Brooke VertinSummer Rental (mixed media on katakana paper) 

In the body there is
a room
cold pressing the doors
cracking
and an iron bed
a wind between girders
and faucets
cold water where I wash
hands
in the base of the sink the drain stopper
a word
Crane
I read with each wash
the life outside, high ground
Crescent Hill
streetlight by morning first launch
five geese
into the sun rising beneath a cloud, moon
turning to dark
a sexless light, unlit lamp
behind the ivy-crowned maple
November sheared to spaces between
capillaries
where heron landed once, a pause
I’m wise
to actualize
when an anger rises but
I’m on a hilltop
there’ll be no flooding here
even the draws
frost

 

Sean Patrick Hill 

 

Artist's Commentary:

Some time ago, Sean and I decided that we would like to work together, joining poem and image.
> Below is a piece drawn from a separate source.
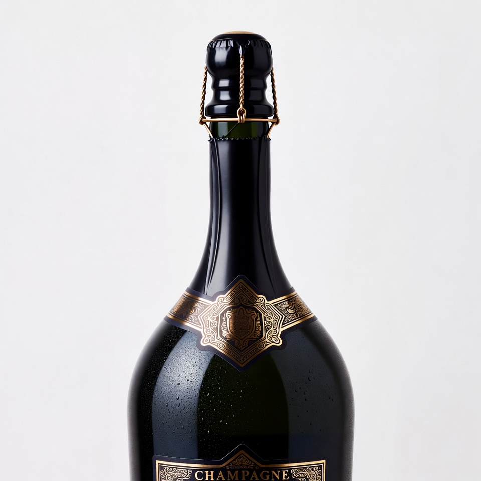 alcohol, beverage, black bottle, celebration, champagne, condensation droplets, cork, elegant bottle, festive, gold label, isolated background, luxury drink, premium champagne, sparkling wine, wire cage, champagne bottle

Sean generously shared several of his poems with me. I was very excited and jumped right in, attempting a more illustrative drawing for “Winter Rental,” but it felt forced and awkward, so I put the poem aside for several months and eventually came to understand it in my own way. Rather than focusing on Sean’s rich imagery, I thought more about how the poem resonated with me in the present time.

I call this piece
Summer Rental and think of it as a companion piece to Sean’s “Winter Rental.” The image came to me as I was staying in a rental on the coast of Maine this June. As I was looking at the still water in the cove, I thought of Sean’s poem, and it dawned on me that my piece could be a reflection on the transition out of winter into a new season.